MK Ya’akov Asher of the United Torah Judaism party called the perpetrators “heartless and attention-seeking provocateurs.”
“[They] are doing whatever they can to try and create friction and provocative tensions against the general public in this country.”
“Their harmful actions, worthy of all condemnation, have long deprived them of the title ‘Haredim.’ They do not deserve it,” said Asher.
IDF Chief of Staff Aviv Kohavi decried the “serious and shameful incident, which insults the defenders of the state and its values.
“The IDF supports the bereaved families and condemns this disgusting and contemptuous behavior, and it is certain that the Israel Police will bring the perpetrators of the criminal act to justice.”
Israel commemorated 23,928 fallen soldiers and terror victims on Wednesday, including 43 soldiers and civilians killed since last year’s Memorial Day.

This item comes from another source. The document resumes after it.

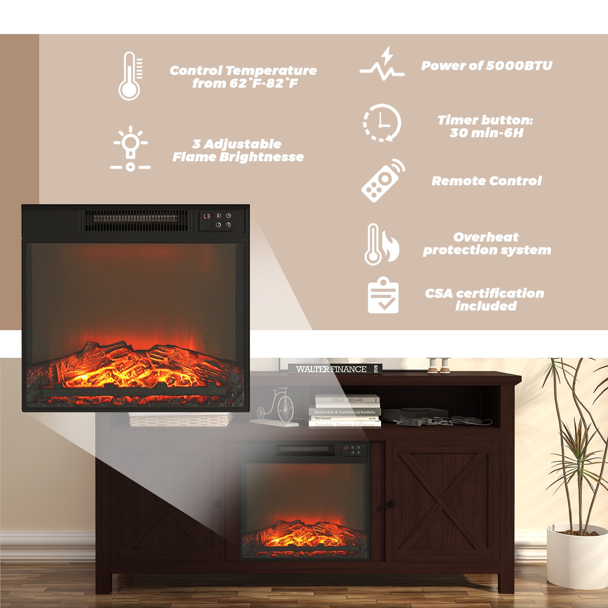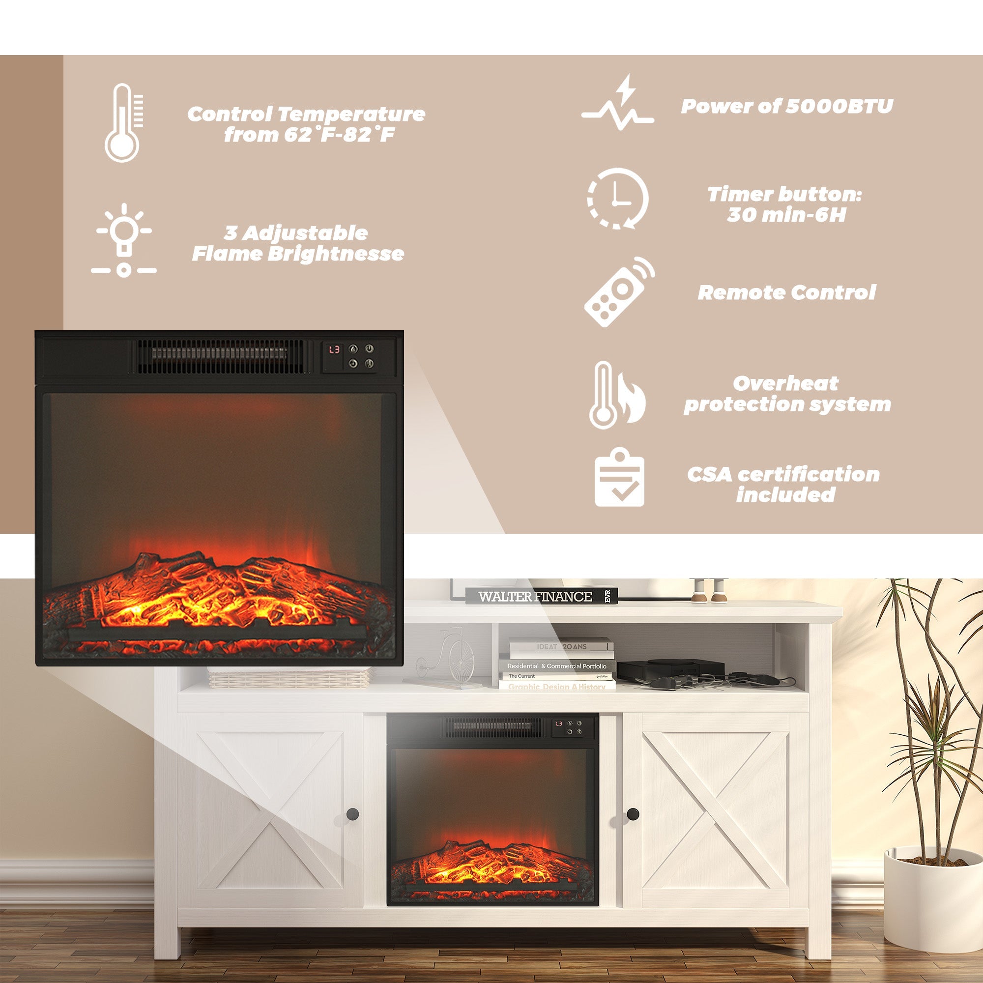 • 58" TV stand with 18" electric fireplace, maximum tabletop capacity 65lbs

This year saw the return of Israelis to the country’s 52 military cemeteries and hundreds of smaller military sections of civilian cemeteries nationwide, after they were closed during last year’s commemorations due to coronavirus restrictions.
Since last Memorial Day, 112 new names were added to the roster of those who have died defending the country or in terror attacks since 1860. Forty-three were IDF soldiers, police officers, and civilians, and 69 were disabled veterans who passed away due to complications of injuries sustained during their service.
Memorial Day is one of Israel’s few national non-religious holidays, during which large swaths of the Israeli public typically visit the graves of loved ones and comrades.